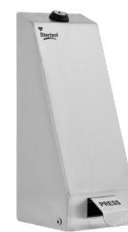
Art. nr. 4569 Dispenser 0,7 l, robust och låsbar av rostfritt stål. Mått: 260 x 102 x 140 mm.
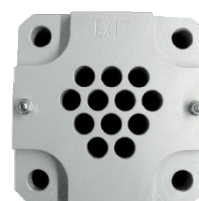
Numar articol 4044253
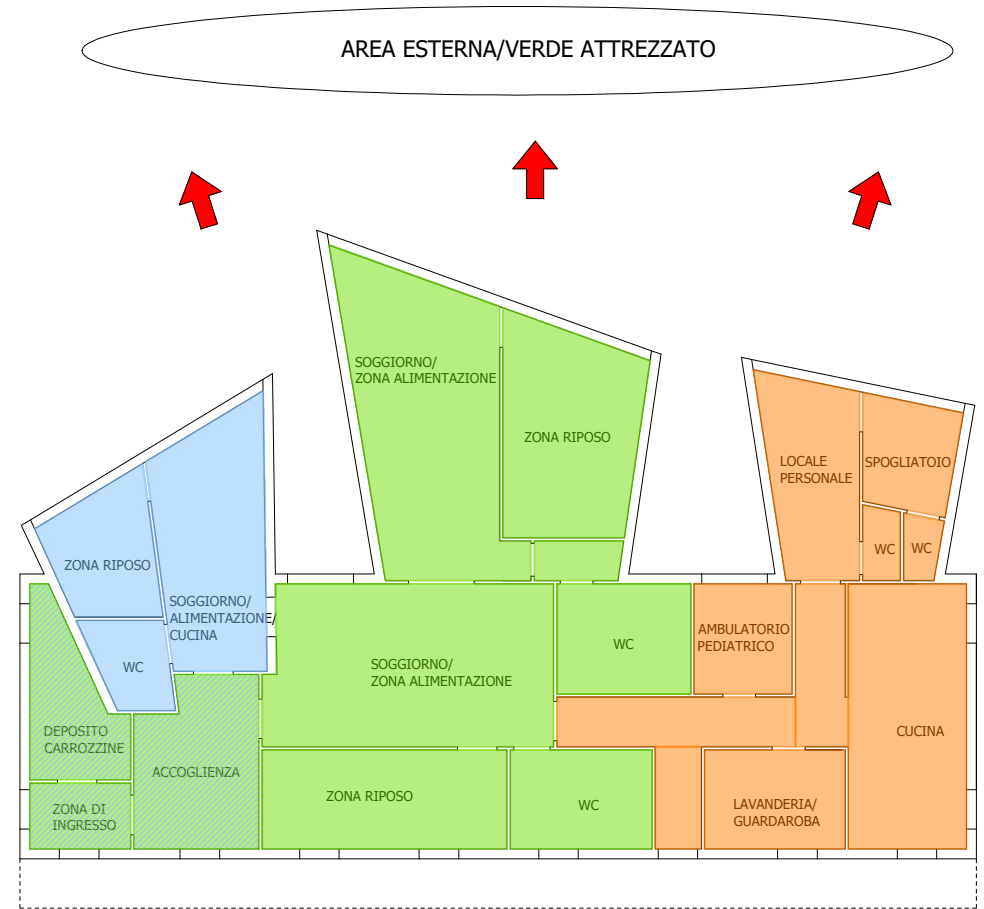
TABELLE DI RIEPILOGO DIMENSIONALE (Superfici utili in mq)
-*-*-
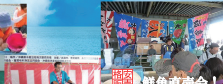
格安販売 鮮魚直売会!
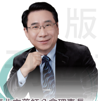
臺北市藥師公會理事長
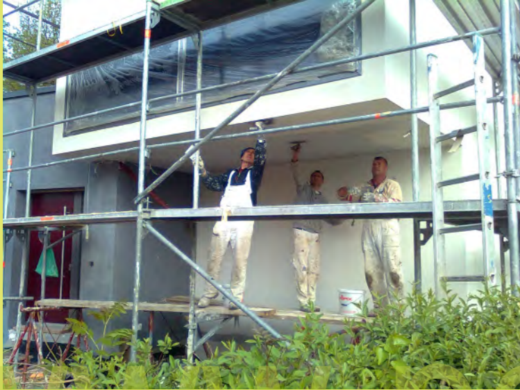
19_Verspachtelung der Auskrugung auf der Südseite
-*-*-
* **GOAL OF THE EXERCISE**
Although the records above contain pictures, the copy should not; retype exactly the lines from the one containing "格安販売 鮮魚直売会!" through the one containing "19_Verspachtelung der Auskrugung".

* **YOUR SOLUTION**
格安販売 鮮魚直売会!
臺北市藥師公會理事長
19_Verspachtelung der Auskrugung auf der Südseite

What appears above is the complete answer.